Jennifer couldn’t be more brittle had she been spun from sugar.
“Tucker,” Maxine says.
“Maxine,” he says, and then excuses himself without a single sign of affection. It’s how they’ve survived all these years. It’s how they’ve kept their secrets.
“I told him to bid, bid, bid,” Jennifer says. “And you must bid too. What do you have your eye on?”
“A pair of earrings,” Maxine says. “Most of the other items are out of my league.”
“Then we’ll be sure no one steals them from you,” Jennifer says, smiling to greet another guest. “Kathy did an amazing job with the auction. With everything.”
“You think?”
“Honestly, darling. All you do is pick on her. Really, you can be so unpleasant.”
The comment hurts more than it should. Maxine inhales too sharply, and then fumbles for a response, but before it forms, the front door opens on a little man in a green parka whom Maxine remembers from somewhere, but can’t place exactly where. Harry steps forward to take his coat, but the man brushes him aside.
“An e-mail?” the man says to Maxine.
That’s right. He teaches ESL at the school. Or at least he did till this afternoon.
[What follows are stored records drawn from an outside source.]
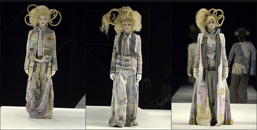 During his studies, Sakabe was already experimenting with visual influences drawn from Japanese popular culture. His graduation collection titled ‘20XX A/W Collection (@-@)‘ incorporated elements inspired by anime and manga aesthetics. Rather than simply referencing these media iconographically, he was interested in translating their visual qualities, particularly their flatness and graphic textures, into fabric, pattern, and tailoring. As he explained, animated images are essentially two-dimensional surfaces, making them surprisingly adaptable as textile textures and design motifs.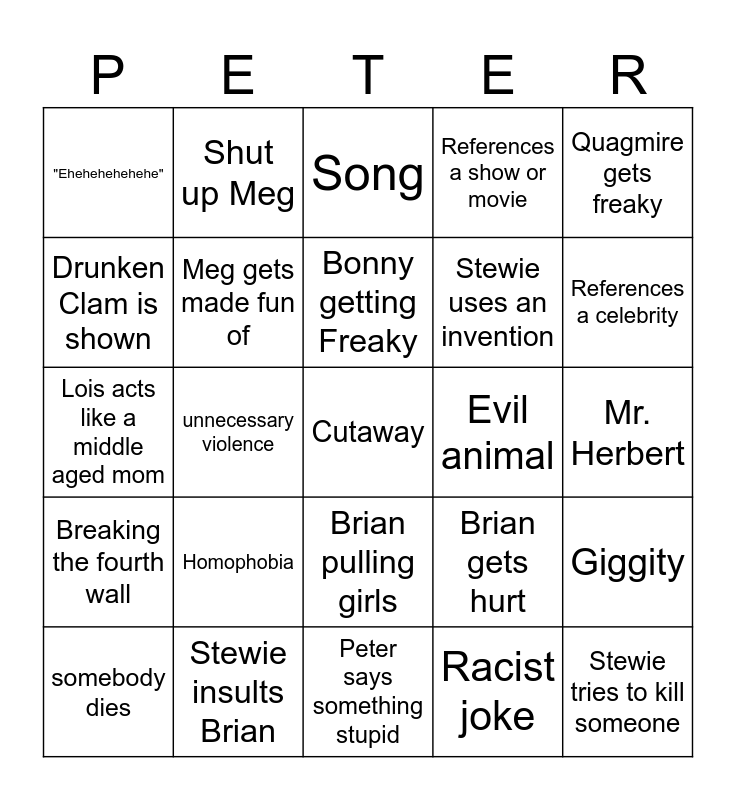 This bingo card has a free space and 24 words: Homophobia, Stewie insults Brian, Bonny getting Freaky, somebody dies, Quagmire gets freaky, "Ehehehehehehe", Drunken Clam is shown, Shut up Meg, Evil animal, Brian pulling girls, Stewie uses an invention, Lois acts like a middle aged mom, Brian gets hurt, Giggity, Meg gets made fun of, Racist joke, Mr. Herbert, Song, References a celebrity, unnecessary violence, Stewie tries to kill someone, Breaking the fourth wall, References a show or movie and Peter says something stupid.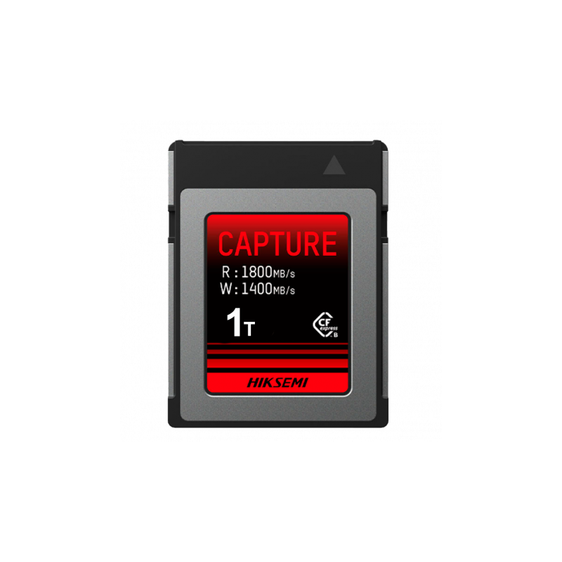 Tarjeta de memoria CFExpress Tipo B Hikvision, capacidad de 1 TB, diseñada para fotografía profesional, proporciona velocidades de lectura de hasta 1800 MB/s y escritura de hasta 1400 MB/s, adecuada para imágenes y vídeos en calidad 8K, equipada con conector PCIe Gen 3 x 2 y tecnología NAND 3D TLC, permite hasta 3.000 ciclos de lectura y escritura, garantiza alto rendimiento y durabilidad para equipos exigentes.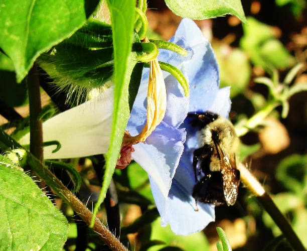 Here we have a little bumblebee collecting nectar and pollen from a morning glory blossom. There are over 1,000 species of flowers known as morning glories. They are in the family Convolvulacaea, but are spread across different tribes or genera. This one is most likely in the Ipomoea tribe.
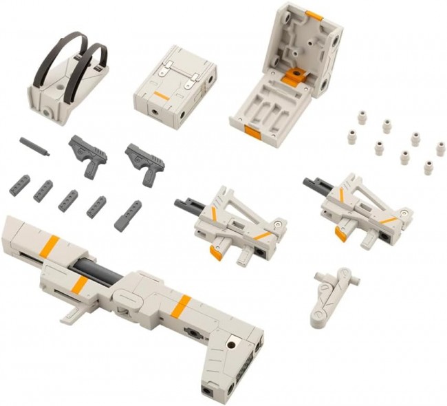 Detail Up Parts (SF) The concept is "Ready for any mission! Here comes the Tactical Container, which integrates four types of armament units in a single container! The four units include a handgun set, two transformable submachine guns, a tactical backpack, and a folding rocket launcher. Each unit can be used to recreate battle scenes at various distances and in various situations. Each unit can be freely connected to the other units, allowing the user to select the unit that best suits the mission. A dedicated flexible arm allows for free connection to the character. The tactical backpack and handgun case can be carried on the character's back like a school bag via the suspension unit with PVC belt. Product Specifications ■Two handguns are included. The suppressor stored in the gun case can be attached to the handgun. Various magazines can be removed from the case. Variable (transformable) submachine gun can be equipped with two submachine guns can be separated and transformed from the container form to the character. Rocket launcher can be transformed from container form to weapon form. Accessories Handgun × 2 ■ spare magazine × 4 Extension magazine × 1 Suppressor × 1 Gun case for handgun x 1 Variable submachine gun x2 Folding rocket launcher x1 Tactical backpack×1 Suspension unit with belt×1 Flexible arm x 1 (C) KOTOBUKIYA ----- Works M.S.G Modeling Support Goods Series M.S.G Modeling Support Goods Heavy Weapon Unit Scale NON Product Size Total length: approx. 120mm Product Specifications M.S.G Modeling Support Goods Material PS, PVC (non-phthalate) Designed by Masashi Watanabe Part number MH37 The image is a prototype. It may differ slightly from the actual product. It has been painted for the purpose of photography. (From Kotobukiya website)

Maxine can’t remember his name. She puts a hand to her hair and runs a finger along her pearls. Everything in place. Behind her, the crowd grows quiet in a gentle wave. A swirl of frigid wind sweeps through the party, lifting skirts and hair, sending cocktail napkins flitting across the black-and-white marble floor.
The man lunges. Fist raised. And in that second, Maxine notices his wire-rimmed glasses and the dirty white sneakers that poke from beneath his coat. She imagines what a fist to the face might feel like, the sharp jab of pain, cracked bones and teeth, the explosion of tinny blood in her mouth. She wants to slap herself for flinching when the fist stops an inch before contact. The man stares at her. She wonders if anyone — Tucker, maybe? — will come to her defense.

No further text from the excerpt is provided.